Before moving to the data analysis phase, I need to fetch data from a required dataset to setup up the environment. I imported data from the food-coded.csv file in our project for further visualization and interpretation.

The data I use contains a lot of columns, but I only extracted a few relevant columns from them.

Column	Meaning	Content
cook	how often do you cook?	1 - Every day 2 - A couple of times a week 3 - Whenever I can, but that is not very often 4 - I only help a little during holidays 5 - Never
eating_out	frequency of eating out in a typical week?	1 - Never 2 - 1-2 times 3 - 2-3 times 4 - 3-5 times 5 - every day
employment	do you work?	1 - yes full time 2 - yes part time 3 - no 4 - other
exercise	how often do you exercise in a regular week?	1 - Everyday 2 - Twice or three times per week 3 - Once a week 4 - Sometimes 5 – Never
income	can afford more costly apartments?	1 - less than $15,000 2 - $15,001 to $30,000 3 - $30,001 to $50,000 4 - $50,001 to $70,000 5 - $70,001 to $100,000 6 - higher than $100,000
sports	do you do any sporting activity?	1 - Yes 2 - No 99 – no answer

Pandas is a python library which is used to read and write data. It is also used for data analysis, manipulation and structuring of data.
Feature Extraction: In the given data set it contains 61 columns, I do not need all the columns to get result. So, I extract 11 columns and store it in a separate data frame.
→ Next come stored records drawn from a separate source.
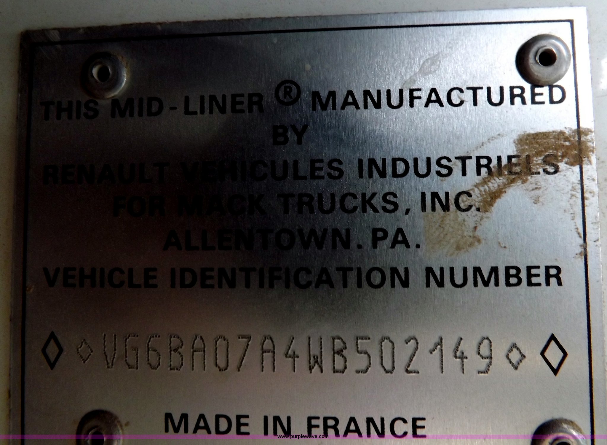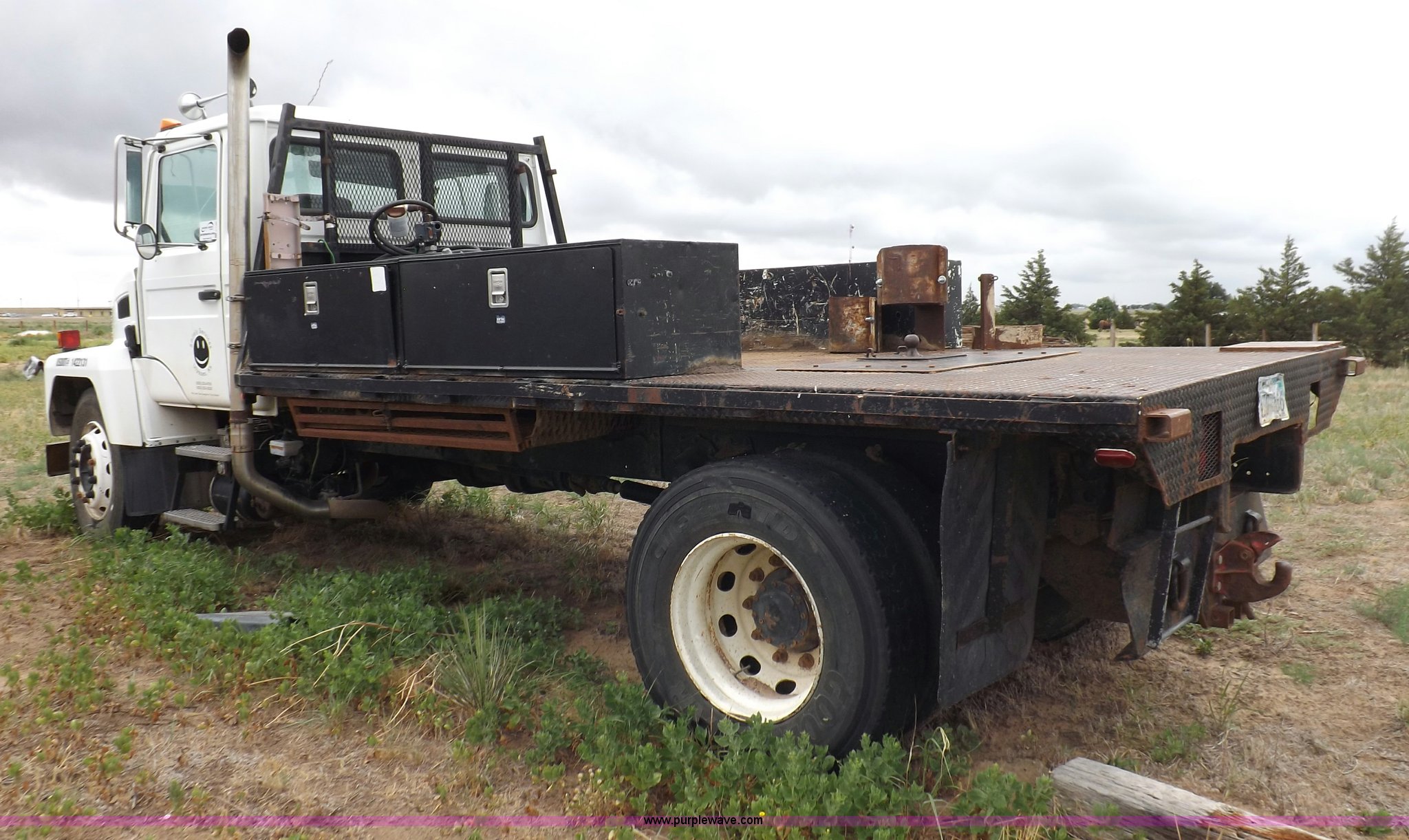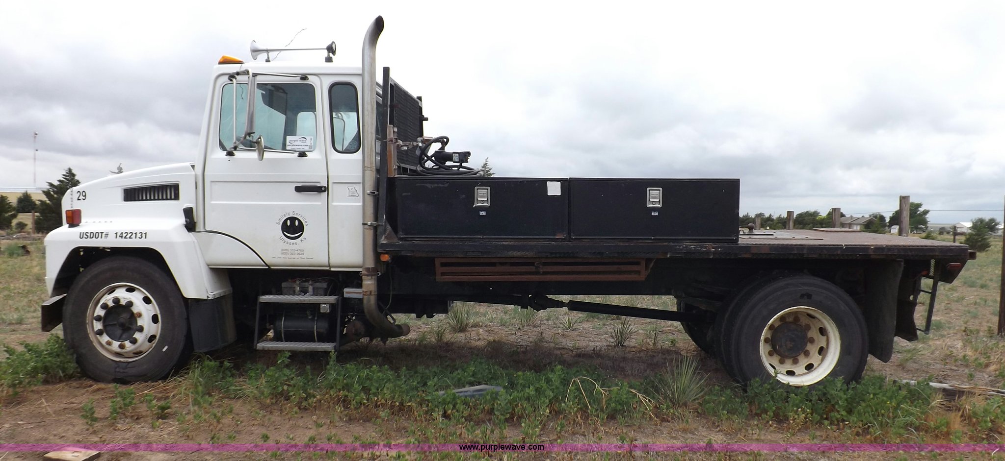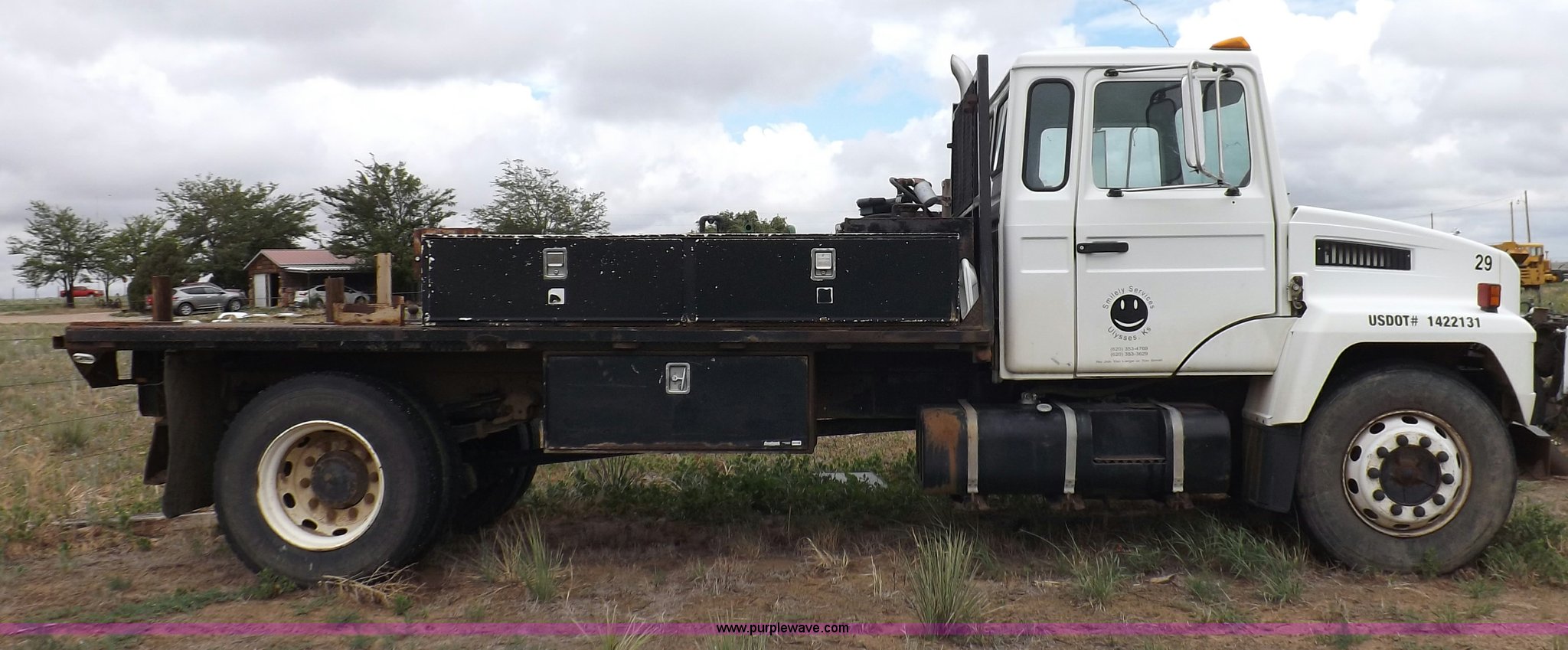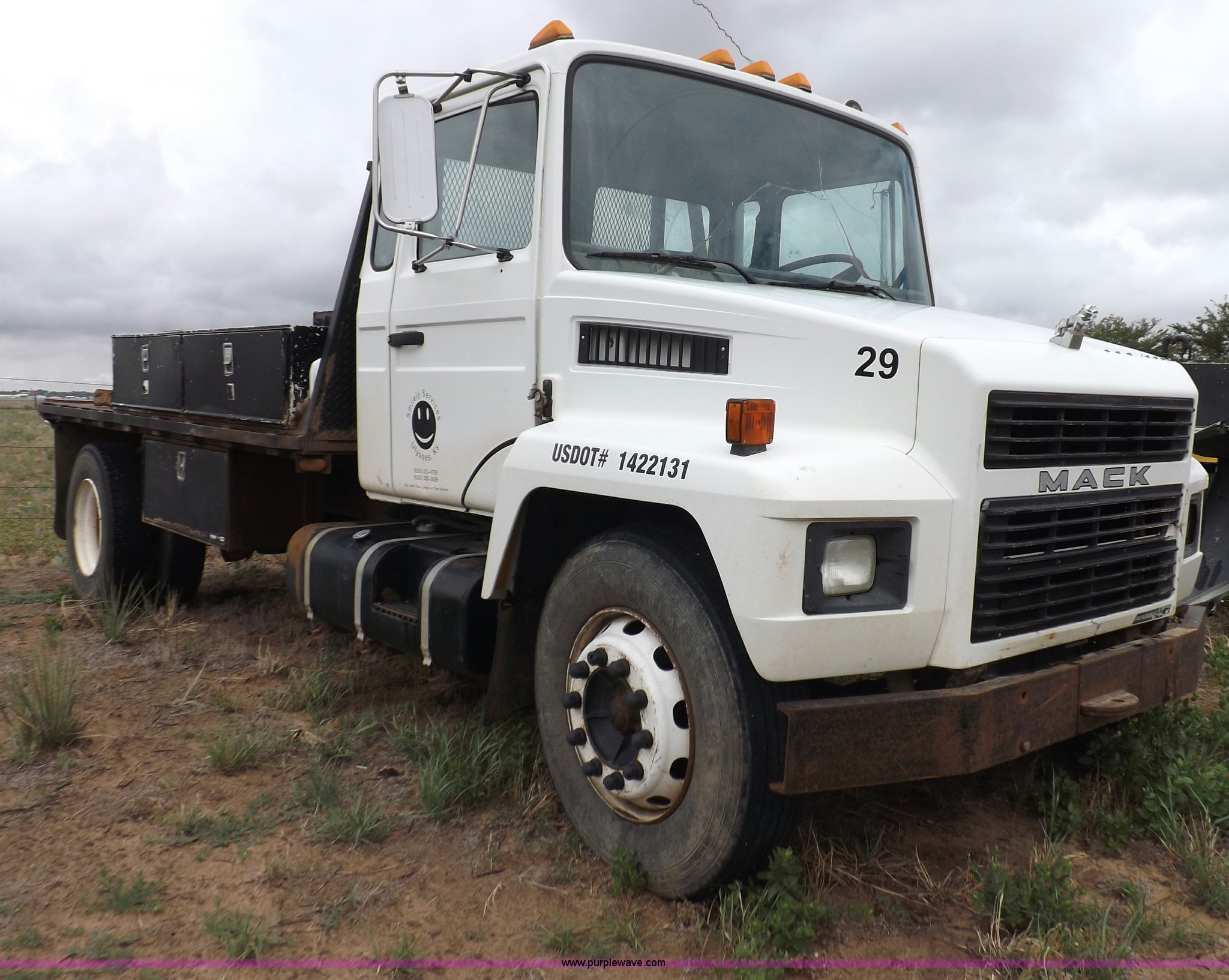 Purple Wave is selling a used Flat Bed Truck in Kansas. This item is a 1998 Mack CS200P semi truck with the following: 245,529 miles on odometer, 6.2L six cylinder turbo diesel engine, Six speed manual transmission, Heat, AM/FM/cassette, Air suspension seat, 14'L x 8'W flatbed, Gooseneck ball, Fuel tank, Graco 12V fuel tank, Approximately 15'L hose, Dispenser, Headache rack, (4) BK toolboxes, 48"W x 24"D x 18"H, Knapheide toolbox, 48" x 18"W x 18"H, 75 gallon fuel tank, Single rear exhaust stack, Spring suspension, Air brakes, Brake controller, 196" wheelbase, 11R22.5 tires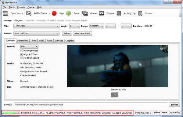 完成所有设置后,只需单击绿色的“开始编码”按钮即可开始将 VOB 转换为 MP4。一段时间后,转换完成后,您将在之前设置的文件夹中看到输出的 MP4 视频。
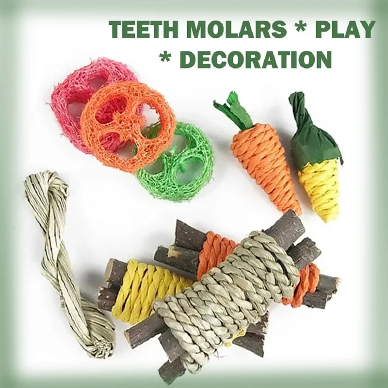 Giocattoli da masticare per piccoli animali domestici, in materiali totalmente naturali, che impediranno al vostro piccolo amico di farsi i denti su accessori di plastica e sbarre!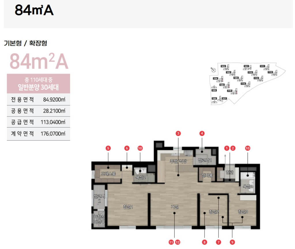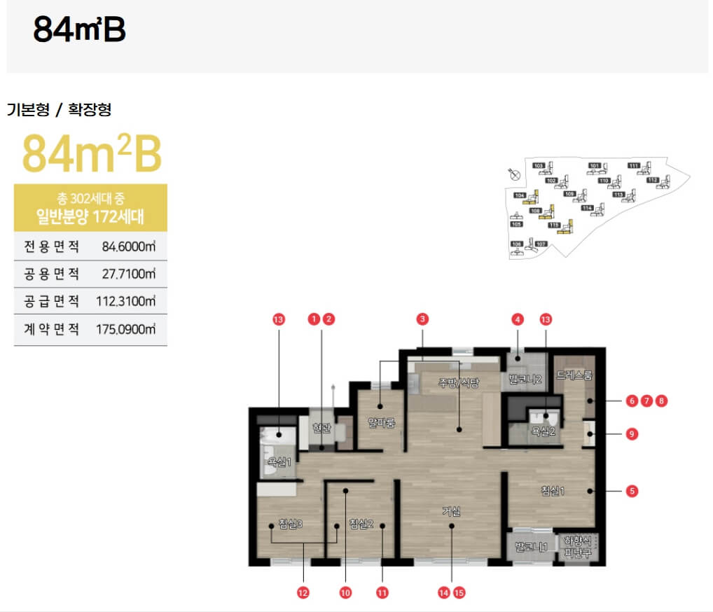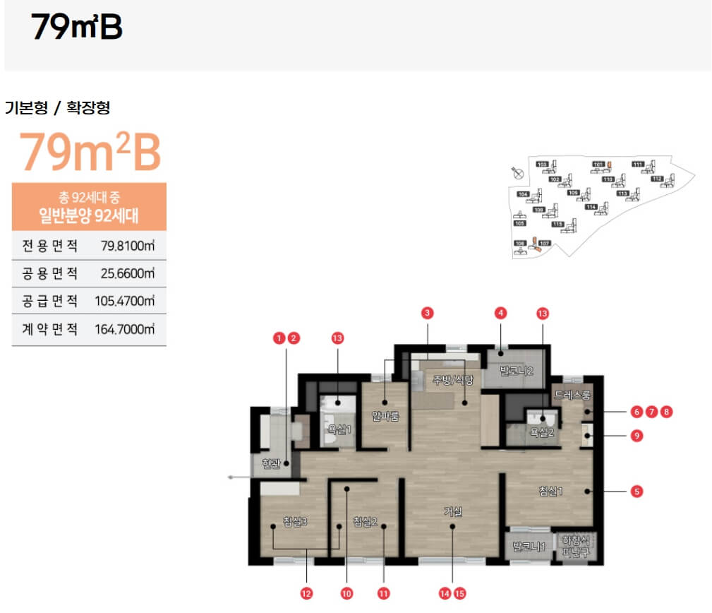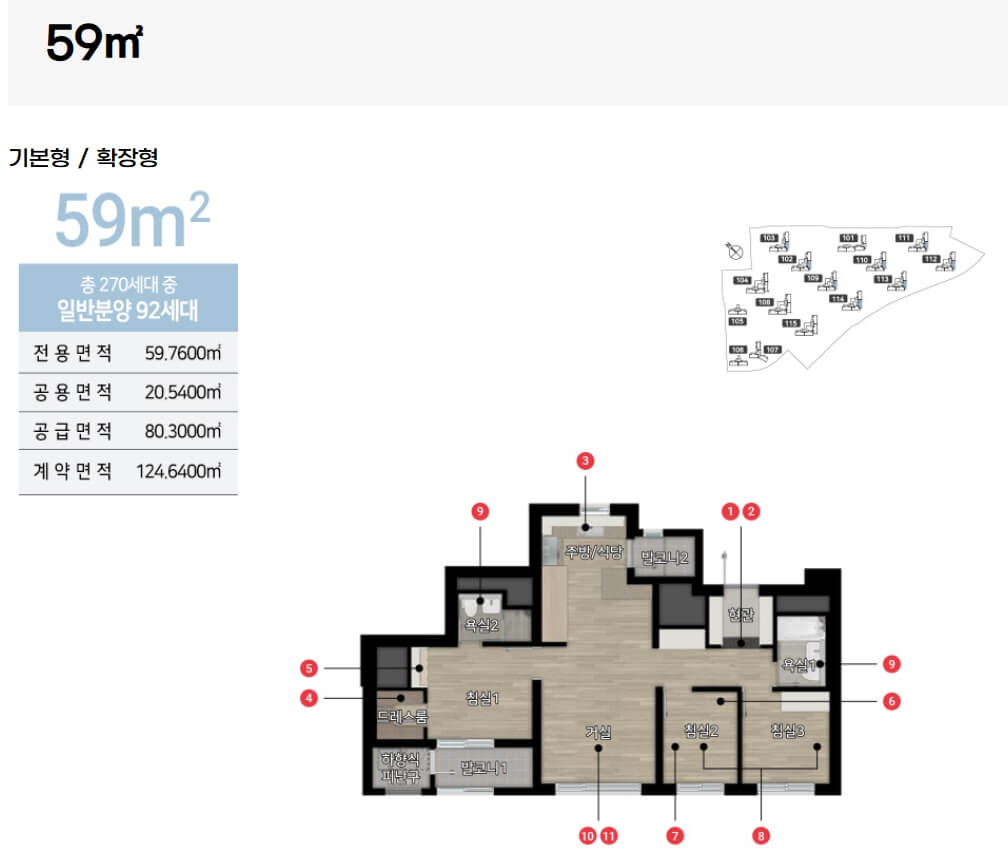 힐스테이트 가장 더퍼스트는 59㎡부터 84㎡까지의 다양한 소형평수를 공급합니다. 1~2인 가구가 늘어나는 추세에 따라, 소형평수의 희소성이 높습니다. 선착순으로 동과 호수를 지정하여 계약할 수 있으며, 청약통장을 사용하지 않아도 누구나 계약이 가능합니다. 계약금이 10%가 아닌 5%여서 초기 투자금이 적으며, 계약과 동시에 500만 원 일부 입금 후 30일 이내에 잔금을 치르면 됩니다.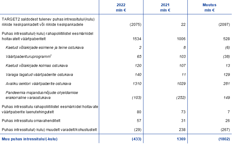 Rahapoliitilistel eesmärkidel hoitavatelt väärtpaberitelt saadud puhas intressitulu suurenes 2022. aastal 528 miljoni euro võrra 1534 miljoni euroni (vt joonis 15). Selle peamisteks põhjusteks olid suurem puhas intressitulu seoses varaostukavaga (kaetud võlakirjade kolmanda ostukava (CBPP3), varaga tagatud väärtpaberite ostukava (ABSPP) ja avaliku sektori väärtpaberite ostukava (PSPP)) ning väiksem negatiivne puhas intressitulu seoses PEPP portfelliga. Varaostukavast saadud puhas intressitulu suurenes 2022. aastal 424 miljoni euro võrra 1571 miljoni euroni ning PEPPi portfelli negatiivne puhas intressitulu vähenes 103 miljoni euroni võrreldes 252 miljoni euroga 2021. aastal. Selle peamiseks põhjuseks oli euroala võlakirjade tulususe märkimisväärne tõus 2022. aastal (vt joonis 16), mis võimaldas osta mõlema kava raames väärtpabereid vastavate portfellide varasemate aastate tootlusega võrreldes kõrgema tulususega. Väärtpaberituruprogrammi ning kaetud võlakirjade esimese ja teise ostukava portfellidelt teenitud puhas intressitulu vähenes 45 miljoni euro võrra 66 miljoni euroni seoses nende portfellide mahu kahanemisega väärtpaberite lunastustähtaegade saabumise tulemusel.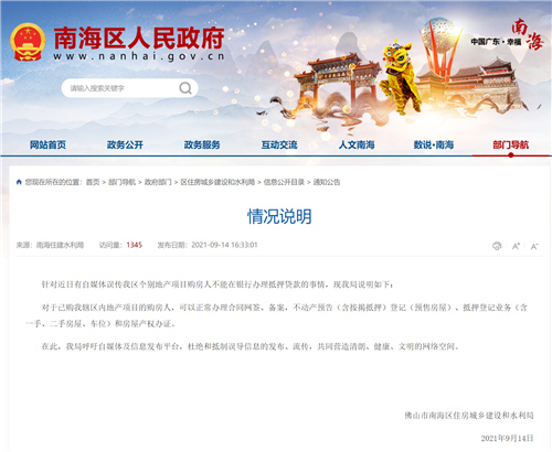 房訊網訊 9月14日,佛山市南海區住房城鄉建設和水利局針對近日有自媒體誤傳該區個別地產項目購房人不能在銀行辦理抵押貸款的事情,發布了情況說明。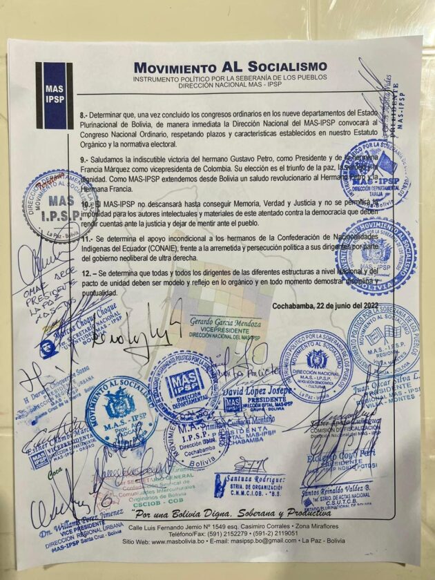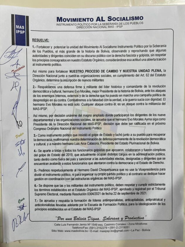 Cochabamba 22 de junio 2022.- El Ampliado Extraordinario del MAS -IPSP, que se realizó en Cochabamba de forma categoríca a respaldado el Liderazgo de Evo Morales , y que será el único Presidente de este Partido Político además el encuentro a cuestionado al Vicepresidente David Choquehuanca, y le están pidiendo que no utilicé la Vicepresidencia para conformar una nueva agrupación política.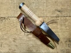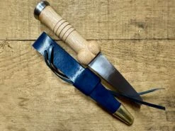 Comes with a naturally tanned leather sheath fitted with a hanging loop and a tying thong.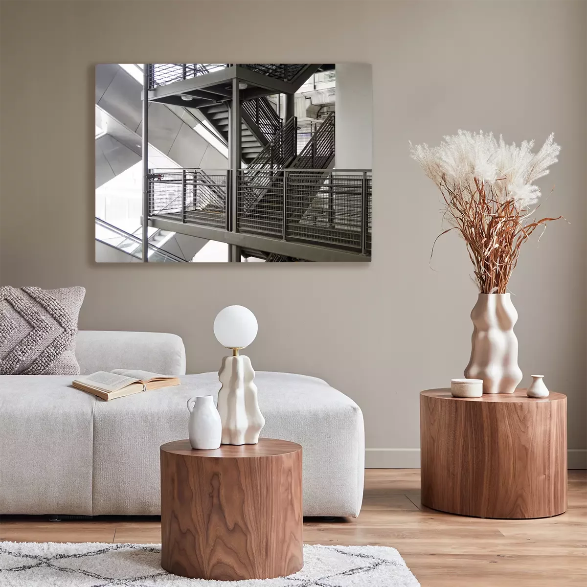 De print wordt aangebracht op hoogwaardig canvas dat op een schildersweefgetouw (spieraam) wordt gespannen. Omdat de print de zijranden bedekt, hoeft het ontwerp niet met een extra kader te worden omlijst. Wij raden ook composities aan die uit meerdere foto's bestaan en zo een coherente compositie vormen.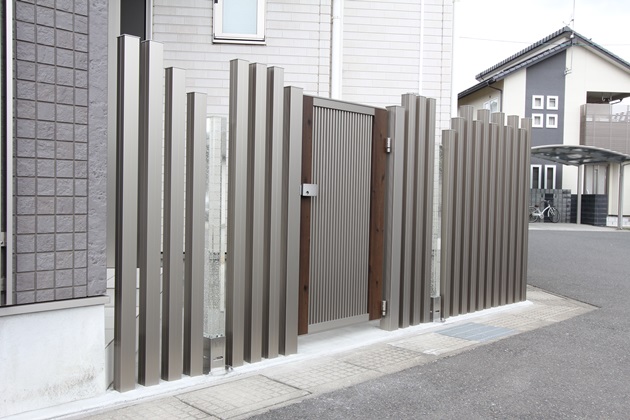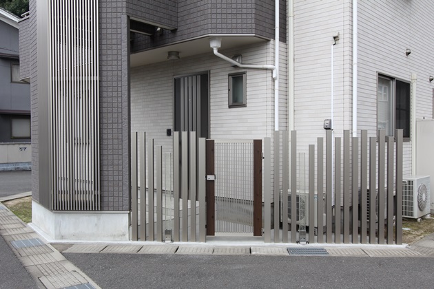 門扉は玄関扉に似たデザインで両サイドに木調があしらわれています。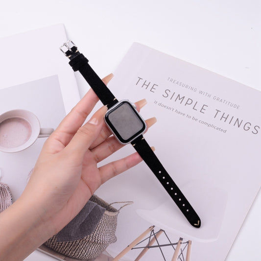 For Apple Watch 46mm / 49mm / 45mm / 44mm U-shape Genuine Leather Watch Band(Black)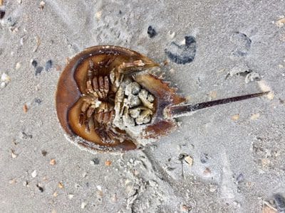 As you can tell from the underside, Horseshoe Crabs are more closely related to spiders, ticks, and scorpions than to crabs.

2. Data Cleaning and Visualization

Visualization is a graphic way of representing data.
For larger datasets, data visualization helps to demonstrate the insights of data.
Common python plotting libraries: matplotlib, seaborn, ggplot, ploty.

Data Cleaning:
The process of removing data which are incorrect, incomplete, missing, or duplicate values are called data cleaning. It increases the accuracy of data.

There are many ways to clean data, but I have chosen to drop the rows with missing values.

Dropna() is used to delete rows or columns that contains missing or NA values. Syntax: dataframe.dropna()

3. K’Means Clustering

K-means clustering is a popular unsupervised machine learning technique. It finds the data points which are similar or closes to each other and separate them in different groups of clusters.

I plot a diagram regarding the Distortions of k, which is the number of clusters. Based on the diagram, I chose a k of 4 and run K-means clustering on all the columns.

As the diagram shows, I get 4 clusters of students based on their income status and preference of eating out. I then plot a boxplot for each of these four clusters.

In Cluster-0, I can tell those students in this cluster tend to be rich. They rarely cook or eat out. Their interests in exercise and sports are high.

In Cluster-1, I can tell those students in this cluster sometimes cook or eat out. Their income is relatively low, compared to the students in the other three clusters. Their interests in exercise and sports are average.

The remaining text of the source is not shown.